Our estimate reduction is predominantly driven by [coronavirus-related] supply issues and to a lesser extent weaker demand trends in China. However, we think revenue has merely been delayed versus lost and our [fiscal year 2020] estimates are unchanged -- though we concede this is a fluid situation and revenues could be pushed out further into the December quarter. 

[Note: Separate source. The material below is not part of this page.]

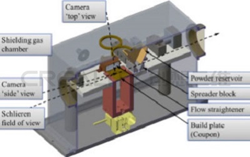 開放式架構(gòu)PBF系統(tǒng)的示意圖,其中包括對高速成像和紋影成像的修改�?茖W(xué)家們使用開放式結(jié)構(gòu)PBF系統(tǒng)進(jìn)行現(xiàn)場測量,提供完全密集組件的自動構(gòu)建。電腦提供了構(gòu)建板在層之間的垂直移動、硅繩粉末涂布機(jī)的運動、激光照射和掃描和靈活性可用于激光功率和速度。

Wedbush analyst Daniel Ives made a similar pronouncement, saying, "We believe this is a more of a timing issue rather than an extended supply/demand issue for iPhones globally and does not change our longer-term bullish thesis." 

The investor takeaway

It's important to remember that the selling frenzy that has captivated Wall Street in recent weeks may not be over, and anyone who says they can time the bottom simply isn't being honest.

That said, after losing a significant portion of their market caps in recent weeks, each of these blue-chip stocks has solid long-term businesses that will come roaring back when the coronavirus pandemic has run its course. Investors who scoop up shares at these depressed levels will look back several years from now and be very glad they did.